What you need to do
Reproduce exactly, from the data that follows, the line with "quite nicely done.", the line with "脫除至 30mg/Kg 以下,具有良好的普適性。", and every line that lies between them.

Supplied records
>>>

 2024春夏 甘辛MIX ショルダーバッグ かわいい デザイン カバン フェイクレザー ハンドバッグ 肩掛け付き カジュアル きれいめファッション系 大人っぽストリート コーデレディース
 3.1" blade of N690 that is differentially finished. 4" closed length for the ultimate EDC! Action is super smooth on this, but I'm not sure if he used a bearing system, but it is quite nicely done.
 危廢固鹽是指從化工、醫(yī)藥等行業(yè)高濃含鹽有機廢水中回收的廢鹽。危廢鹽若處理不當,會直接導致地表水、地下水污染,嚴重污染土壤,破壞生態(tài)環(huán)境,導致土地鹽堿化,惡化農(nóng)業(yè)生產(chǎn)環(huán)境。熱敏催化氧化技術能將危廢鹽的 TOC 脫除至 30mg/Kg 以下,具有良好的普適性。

<<<
>>>

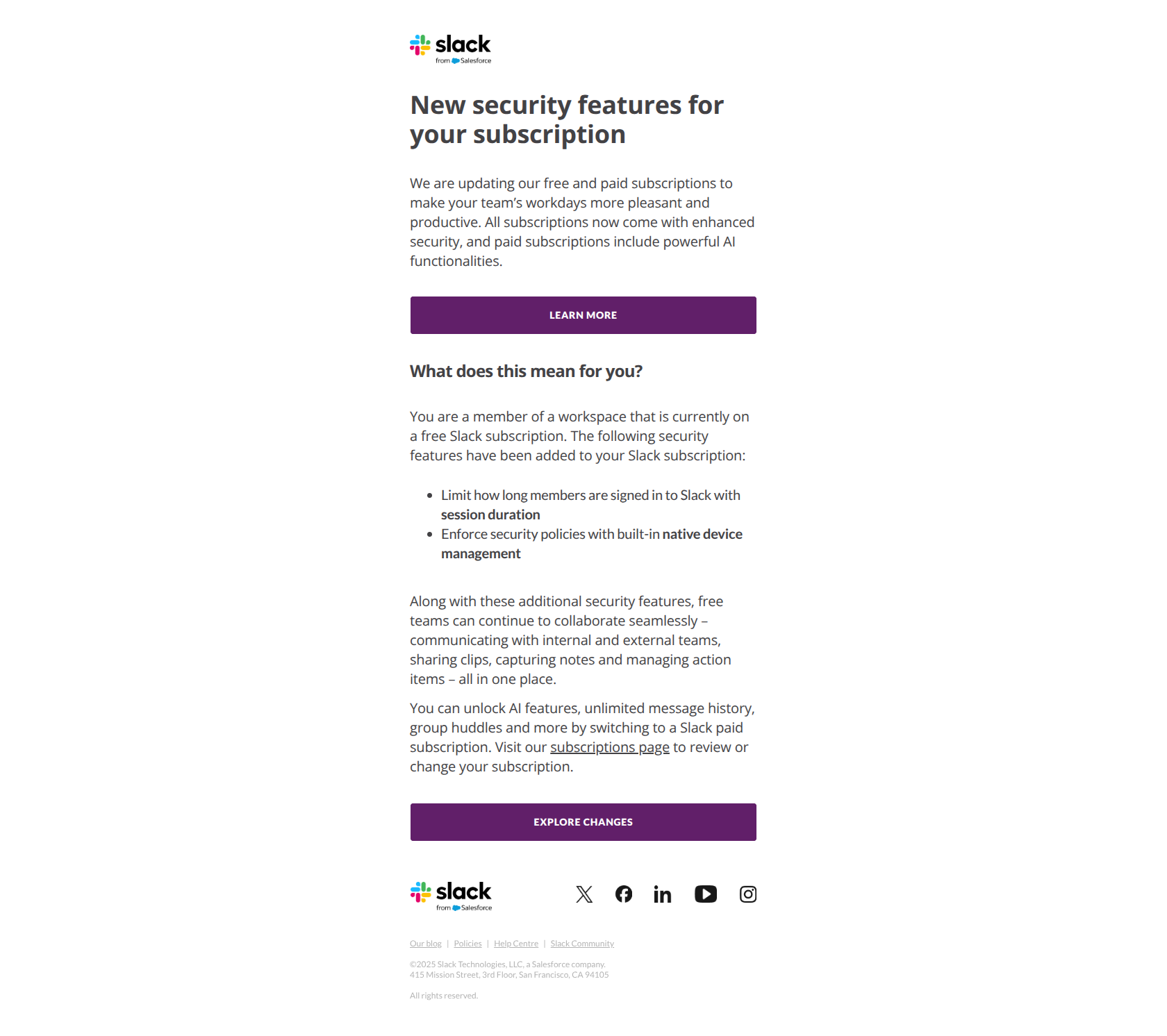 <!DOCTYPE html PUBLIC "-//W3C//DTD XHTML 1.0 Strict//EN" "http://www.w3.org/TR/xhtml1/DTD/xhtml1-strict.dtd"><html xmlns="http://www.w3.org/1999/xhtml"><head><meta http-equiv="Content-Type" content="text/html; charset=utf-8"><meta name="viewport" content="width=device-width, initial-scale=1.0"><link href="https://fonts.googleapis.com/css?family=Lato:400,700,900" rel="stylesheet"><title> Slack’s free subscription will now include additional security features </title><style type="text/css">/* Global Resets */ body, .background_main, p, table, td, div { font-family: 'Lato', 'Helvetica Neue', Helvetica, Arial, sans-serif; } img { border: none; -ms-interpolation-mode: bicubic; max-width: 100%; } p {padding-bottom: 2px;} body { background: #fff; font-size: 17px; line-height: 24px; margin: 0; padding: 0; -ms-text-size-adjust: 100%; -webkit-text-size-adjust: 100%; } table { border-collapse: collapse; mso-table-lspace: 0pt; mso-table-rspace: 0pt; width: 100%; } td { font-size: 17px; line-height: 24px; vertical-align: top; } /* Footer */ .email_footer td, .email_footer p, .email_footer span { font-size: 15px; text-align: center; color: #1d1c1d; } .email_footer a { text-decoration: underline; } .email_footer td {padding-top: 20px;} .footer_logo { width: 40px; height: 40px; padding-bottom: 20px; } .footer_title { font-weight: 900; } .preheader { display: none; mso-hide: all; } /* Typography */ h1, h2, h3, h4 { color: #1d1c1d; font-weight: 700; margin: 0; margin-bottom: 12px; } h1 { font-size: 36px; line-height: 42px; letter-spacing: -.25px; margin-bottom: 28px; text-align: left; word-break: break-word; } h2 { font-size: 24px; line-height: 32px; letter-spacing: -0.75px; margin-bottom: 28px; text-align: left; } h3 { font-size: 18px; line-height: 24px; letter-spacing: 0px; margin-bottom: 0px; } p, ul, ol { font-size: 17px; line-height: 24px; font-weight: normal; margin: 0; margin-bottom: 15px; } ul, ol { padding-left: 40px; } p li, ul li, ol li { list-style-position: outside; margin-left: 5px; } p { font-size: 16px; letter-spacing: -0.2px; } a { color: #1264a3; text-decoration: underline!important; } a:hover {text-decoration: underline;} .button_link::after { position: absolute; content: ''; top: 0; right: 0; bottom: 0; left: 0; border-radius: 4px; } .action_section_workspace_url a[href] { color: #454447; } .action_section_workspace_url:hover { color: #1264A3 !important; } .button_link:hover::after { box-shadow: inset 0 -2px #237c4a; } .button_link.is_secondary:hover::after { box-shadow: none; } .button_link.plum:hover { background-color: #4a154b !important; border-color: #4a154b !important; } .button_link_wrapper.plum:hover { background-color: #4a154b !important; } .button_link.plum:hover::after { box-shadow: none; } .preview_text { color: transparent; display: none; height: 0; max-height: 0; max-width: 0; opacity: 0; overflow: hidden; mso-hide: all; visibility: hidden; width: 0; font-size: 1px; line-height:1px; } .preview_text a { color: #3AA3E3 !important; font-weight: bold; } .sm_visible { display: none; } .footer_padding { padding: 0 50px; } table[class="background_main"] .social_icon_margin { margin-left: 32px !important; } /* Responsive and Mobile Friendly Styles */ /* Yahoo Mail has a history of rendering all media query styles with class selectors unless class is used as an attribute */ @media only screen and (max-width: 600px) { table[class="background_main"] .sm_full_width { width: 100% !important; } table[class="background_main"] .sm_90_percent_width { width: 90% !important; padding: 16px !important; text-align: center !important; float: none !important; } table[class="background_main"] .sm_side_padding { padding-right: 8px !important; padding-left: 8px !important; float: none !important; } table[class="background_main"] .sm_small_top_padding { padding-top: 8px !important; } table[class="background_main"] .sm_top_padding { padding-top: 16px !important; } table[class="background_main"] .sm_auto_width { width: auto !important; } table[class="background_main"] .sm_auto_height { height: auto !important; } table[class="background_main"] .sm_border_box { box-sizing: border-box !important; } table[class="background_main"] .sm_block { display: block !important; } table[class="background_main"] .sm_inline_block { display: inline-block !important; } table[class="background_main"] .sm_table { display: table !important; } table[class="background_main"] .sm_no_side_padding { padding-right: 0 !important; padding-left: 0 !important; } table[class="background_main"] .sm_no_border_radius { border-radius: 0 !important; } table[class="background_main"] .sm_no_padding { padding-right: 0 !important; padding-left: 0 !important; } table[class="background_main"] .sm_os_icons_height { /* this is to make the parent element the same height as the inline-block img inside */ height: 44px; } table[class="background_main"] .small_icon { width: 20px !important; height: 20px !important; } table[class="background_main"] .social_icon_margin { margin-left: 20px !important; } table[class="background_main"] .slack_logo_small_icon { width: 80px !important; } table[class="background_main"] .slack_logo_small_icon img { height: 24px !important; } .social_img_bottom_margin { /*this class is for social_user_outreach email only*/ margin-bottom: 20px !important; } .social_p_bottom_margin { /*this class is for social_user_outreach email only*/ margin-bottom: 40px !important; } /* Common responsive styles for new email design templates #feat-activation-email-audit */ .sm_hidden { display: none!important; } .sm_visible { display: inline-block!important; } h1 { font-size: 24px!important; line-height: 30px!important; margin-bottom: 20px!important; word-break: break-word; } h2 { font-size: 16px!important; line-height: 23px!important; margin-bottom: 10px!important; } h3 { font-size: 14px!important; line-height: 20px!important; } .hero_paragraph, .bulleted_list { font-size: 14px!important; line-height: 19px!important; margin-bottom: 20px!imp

<<<

Answer for the task
 3.1" blade of N690 that is differentially finished. 4" closed length for the ultimate EDC! Action is super smooth on this, but I'm not sure if he used a bearing system, but it is quite nicely done.
 危廢固鹽是指從化工、醫(yī)藥等行業(yè)高濃含鹽有機廢水中回收的廢鹽。危廢鹽若處理不當,會直接導致地表水、地下水污染,嚴重污染土壤,破壞生態(tài)環(huán)境,導致土地鹽堿化,惡化農(nóng)業(yè)生產(chǎn)環(huán)境。熱敏催化氧化技術能將危廢鹽的 TOC 脫除至 30mg/Kg 以下,具有良好的普適性。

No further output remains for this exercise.